**Assigned task:**
Where the records contain images, omit them, and repeat everything else word for word.

+++

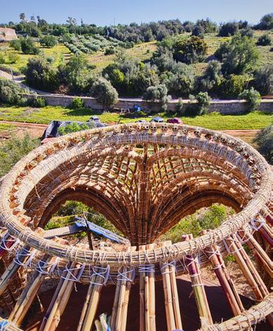 izliva. Podkonstrukcija objekta je zasnovana iz kombinacije recikliranih in prefabriciranih lesenih delov in je začasna ter bo nekoč razstavljena ter ponovno uporabiljena ali reciklirana brez škodljivih učinkov za naravo ali človeka.«
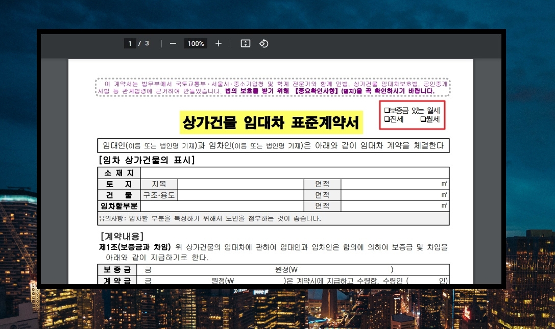 1. 법무부에서는 여러 기관 및 전문가들과 함께 다음과 같은 표준 계약서 양식을 만들었습니다. 보증금 있는 또는 없는 월세, 전세로 상가 임대차를 진행할 때 유용하게 사용할 수 있는데요. 안전하게 계약을 진행할 수 있도록 꼭 있어야 하는 항목은 기본으로 포함이 되어 있습니다. 해당 양식은 법무부 사이트에서 공식적으로 배포를 하고 있는데요. 어떻게 이용하는지 정확하게 알려드리겠습니다.
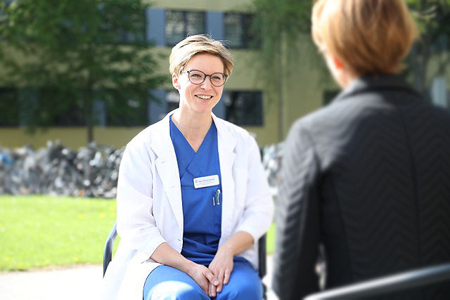 Bevor wir uns auf Tour durch das Klinikum begeben, sitzen wir zunächst in der Cafeteria des modernen Gebäudes und erleben eine Ärztin, die in ihrem Beruf aufgeht und sich mit dem Klinikum identifiziert. „Ich fühle mich wohl in diesem Haus.“, sagt sie mit Überzeugung. Wir wollen wissen, wie ihr Weg bis hierher verlief.
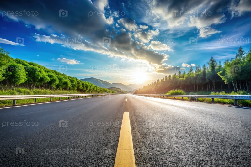 Пустая дорога простирается в сторону далеких гор под ярким закаточным небом
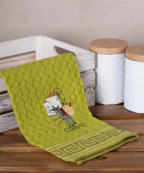 Σετ 12 τεμαχίων ποτηρόπανα γκοφρέ (50cm x 70cm) πράσινο γαίδαρος CORFU
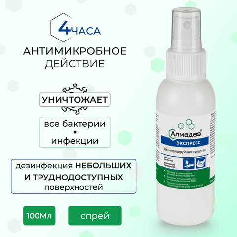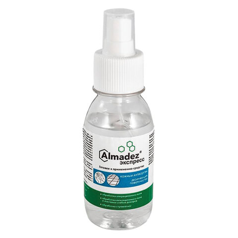 Антисептик для рук и поверхностей спиртосодержащий (63%) с распылителем 100 мл АЛМАДЕЗ-ЭКСПРЕСС, дезинфицирующий, жидкость, АЭ-501

+++

**Problem solution:**
 izliva. Podkonstrukcija objekta je zasnovana iz kombinacije recikliranih in prefabriciranih lesenih delov in je začasna ter bo nekoč razstavljena ter ponovno uporabiljena ali reciklirana brez škodljivih učinkov za naravo ali človeka.«
 1. 법무부에서는 여러 기관 및 전문가들과 함께 다음과 같은 표준 계약서 양식을 만들었습니다. 보증금 있는 또는 없는 월세, 전세로 상가 임대차를 진행할 때 유용하게 사용할 수 있는데요. 안전하게 계약을 진행할 수 있도록 꼭 있어야 하는 항목은 기본으로 포함이 되어 있습니다. 해당 양식은 법무부 사이트에서 공식적으로 배포를 하고 있는데요. 어떻게 이용하는지 정확하게 알려드리겠습니다.
 Bevor wir uns auf Tour durch das Klinikum begeben, sitzen wir zunächst in der Cafeteria des modernen Gebäudes und erleben eine Ärztin, die in ihrem Beruf aufgeht und sich mit dem Klinikum identifiziert. „Ich fühle mich wohl in diesem Haus.“, sagt sie mit Überzeugung. Wir wollen wissen, wie ihr Weg bis hierher verlief.
 Пустая дорога простирается в сторону далеких гор под ярким закаточным небом
 Σετ 12 τεμαχίων ποτηρόπανα γκοφρέ (50cm x 70cm) πράσινο γαίδαρος CORFU
 Антисептик для рук и поверхностей спиртосодержащий (63%) с распылителем 100 мл АЛМАДЕЗ-ЭКСПРЕСС, дезинфицирующий, жидкость, АЭ-501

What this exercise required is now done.